__Supplied records__
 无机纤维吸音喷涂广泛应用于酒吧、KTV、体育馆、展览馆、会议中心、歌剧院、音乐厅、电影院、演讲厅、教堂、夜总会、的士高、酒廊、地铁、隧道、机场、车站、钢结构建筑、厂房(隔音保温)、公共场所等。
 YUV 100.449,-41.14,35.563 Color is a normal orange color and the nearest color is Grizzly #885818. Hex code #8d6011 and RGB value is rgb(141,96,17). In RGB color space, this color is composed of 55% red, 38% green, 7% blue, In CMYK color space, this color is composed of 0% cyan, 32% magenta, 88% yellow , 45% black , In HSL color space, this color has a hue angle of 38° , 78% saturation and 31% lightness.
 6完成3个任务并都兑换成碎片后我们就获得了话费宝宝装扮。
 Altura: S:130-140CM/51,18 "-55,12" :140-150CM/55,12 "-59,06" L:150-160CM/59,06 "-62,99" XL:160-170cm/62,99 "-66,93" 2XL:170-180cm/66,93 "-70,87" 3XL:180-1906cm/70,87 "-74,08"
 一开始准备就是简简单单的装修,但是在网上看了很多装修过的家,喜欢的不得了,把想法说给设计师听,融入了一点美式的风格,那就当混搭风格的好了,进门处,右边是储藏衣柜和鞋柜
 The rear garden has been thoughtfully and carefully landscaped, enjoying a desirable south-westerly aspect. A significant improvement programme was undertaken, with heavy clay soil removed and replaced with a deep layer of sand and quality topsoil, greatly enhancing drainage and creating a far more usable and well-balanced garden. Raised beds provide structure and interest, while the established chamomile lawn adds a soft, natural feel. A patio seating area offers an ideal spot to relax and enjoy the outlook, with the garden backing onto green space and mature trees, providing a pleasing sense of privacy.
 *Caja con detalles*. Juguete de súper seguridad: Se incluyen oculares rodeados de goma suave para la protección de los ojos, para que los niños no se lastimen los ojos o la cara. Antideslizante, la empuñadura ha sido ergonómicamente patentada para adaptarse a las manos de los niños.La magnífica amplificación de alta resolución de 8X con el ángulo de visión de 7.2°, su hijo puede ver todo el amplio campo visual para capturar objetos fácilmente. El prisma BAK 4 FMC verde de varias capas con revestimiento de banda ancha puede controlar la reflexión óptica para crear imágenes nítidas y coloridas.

__Instructions for the task__
Would you please restate all of the entries exactly?

__Expected answer__
 无机纤维吸音喷涂广泛应用于酒吧、KTV、体育馆、展览馆、会议中心、歌剧院、音乐厅、电影院、演讲厅、教堂、夜总会、的士高、酒廊、地铁、隧道、机场、车站、钢结构建筑、厂房(隔音保温)、公共场所等。
 YUV 100.449,-41.14,35.563 Color is a normal orange color and the nearest color is Grizzly #885818. Hex code #8d6011 and RGB value is rgb(141,96,17). In RGB color space, this color is composed of 55% red, 38% green, 7% blue, In CMYK color space, this color is composed of 0% cyan, 32% magenta, 88% yellow , 45% black , In HSL color space, this color has a hue angle of 38° , 78% saturation and 31% lightness.
 6完成3个任务并都兑换成碎片后我们就获得了话费宝宝装扮。
 Altura: S:130-140CM/51,18 "-55,12" :140-150CM/55,12 "-59,06" L:150-160CM/59,06 "-62,99" XL:160-170cm/62,99 "-66,93" 2XL:170-180cm/66,93 "-70,87" 3XL:180-1906cm/70,87 "-74,08"
 一开始准备就是简简单单的装修,但是在网上看了很多装修过的家,喜欢的不得了,把想法说给设计师听,融入了一点美式的风格,那就当混搭风格的好了,进门处,右边是储藏衣柜和鞋柜
 The rear garden has been thoughtfully and carefully landscaped, enjoying a desirable south-westerly aspect. A significant improvement programme was undertaken, with heavy clay soil removed and replaced with a deep layer of sand and quality topsoil, greatly enhancing drainage and creating a far more usable and well-balanced garden. Raised beds provide structure and interest, while the established chamomile lawn adds a soft, natural feel. A patio seating area offers an ideal spot to relax and enjoy the outlook, with the garden backing onto green space and mature trees, providing a pleasing sense of privacy.
 *Caja con detalles*. Juguete de súper seguridad: Se incluyen oculares rodeados de goma suave para la protección de los ojos, para que los niños no se lastimen los ojos o la cara. Antideslizante, la empuñadura ha sido ergonómicamente patentada para adaptarse a las manos de los niños.La magnífica amplificación de alta resolución de 8X con el ángulo de visión de 7.2°, su hijo puede ver todo el amplio campo visual para capturar objetos fácilmente. El prisma BAK 4 FMC verde de varias capas con revestimiento de banda ancha puede controlar la reflexión óptica para crear imágenes nítidas y coloridas.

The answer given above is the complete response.